The Lack of Adoption of Analytics is NOT Complicated!

According to THE PROPHET, the reason that we’ve never seen a breakout $100M+ pure-play (spend) analytics vendor is it’s complicated. (Source: LinkedIn)

But the reality is that it’s really not.

First of all, approximately one third of all multi-nationals are headquartered in the US. In other words, one third of global enterprise is based out of the US, where the strategic decisions are made. Let’s say that again, one third!

Secondly, and this is the real explanation, in our age of participation trophies and only focusing on the positive (when there really isn’t any), no one is willing to state the truth, and that is most of the employees responsible for strategic [spend] analysis are just too math stupid.

Analytics, at its core, requires good mathematics skills and, with traditional analytics applications, good computer skills.

However, the US, where many multi-nationals are based, consistently ranks in the lower part of the OECD international rankings and is currently 34th in the PISA [out of 79 scored countries] (with an average numeracy score of 249, below the TOTAL OECD average of 263, with over 1/3 of its adult population at level 1! This means they can’t even do basic arithmetic and problem solving [or calculate a tip FFS, but that does explain why they believed their administration when they lied and said other countries pay the tariffs] — and that’s the average business employee in the US, since anyone with a level 2 on the OECD can likely fake it in a STEM career in the US.

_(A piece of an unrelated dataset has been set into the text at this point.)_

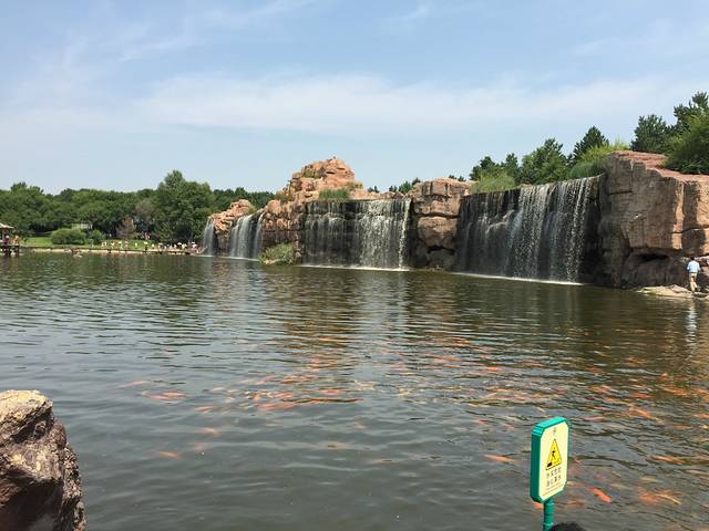 进入景区有游览车,其实园子里没有多大,游览车基本上是绕着大圈走,到了比较大的景点就停下来,游览完了还在下车的地方排队等车继续走。要是天气凉爽走走很舒服,不过我们去的这天太热了,还是坐着车溜达吧。

As for THE PROPHET‘s reasons as to why Spend Analysis has consistently underperformed the hype:

  • While 3/4 of solutions have always been reporting in drag, I’ve been highlighting at least a dozen Best of Breed solutions consistently for the past decade. They have existed for the past 20 years, you just had to look (and understand what to look for. But this site did a great job of helping you with that!)
  • Yes, scale came at the cost of dumbing down the UX (for the US market in particular)!
  • Unfortunately there is no faster way to die as a Spend Analysis vendor then to get scooped up by a (mega) suite or a Big X Comsultancy.
  • Actually, the analytics and optimization is not powerful or complex enough in most solutions. Again, the problem is that the vendor didn’t add incremental levels of simplification (i.e. dumbing down) so each user could take advantage of it at their mathematical (in)competency level.

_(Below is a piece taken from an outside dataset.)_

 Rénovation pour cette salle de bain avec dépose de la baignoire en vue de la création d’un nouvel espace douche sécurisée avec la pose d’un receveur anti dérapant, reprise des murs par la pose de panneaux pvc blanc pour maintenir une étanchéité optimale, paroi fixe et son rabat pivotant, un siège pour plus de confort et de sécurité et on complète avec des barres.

But the real reason, as hinted above, is that employees resisted these advanced spend analytics solutions because they knew they didn’t have the mathematical skills to use them. (Which the US Education System should be blamed for [and why it should be fixed, not dismantled], not the employees, unless those employees went to University and chose not to take math courses to try and make up for the failings of the public education system they were subjected to.)

As for THE PROPHET‘s signals that the times they are a changin’:

  1. Good + Cheap = Dangerous
    Faster? Check! Cheaper? Check! Smarter? Well … Ask Woody!
  2. Analytics is Merging with Execution
    This is key for adoption of analytics — do it when you need it and apply the findings right away.
  3. Intake, Orchestration and Agentic Tech
    I guess I have to say it again!
    𝐒𝐩𝐞𝐧𝐝 𝐎𝐫𝐜𝐡𝐞𝐬𝐭𝐫𝐚𝐭𝐢𝐨𝐧 𝐢𝐬 𝐂𝐥𝐮𝐞𝐥𝐞𝐬𝐬 𝐟𝐨𝐫 𝐭𝐡𝐞 𝐏𝐨𝐩𝐮𝐥𝐚𝐫 𝐊𝐢𝐝𝐬!
    When what we really need is a Revenge of the Nerds! (If the USA even has any left!)

However, the real reason that we may finally be entering a new era in analytics is the following:

4. Most companies are trying to stave off bankruptcies as a result of US trade, market, etc. decisions that have already bankrupted many SMEs and they now realize that analytics is a key part of that solution. You can’t optimize spend you don’t understand, or understand the impact of a sudden 145% increase in tariffs if you don’t understand how much you are sourcing from the country in question.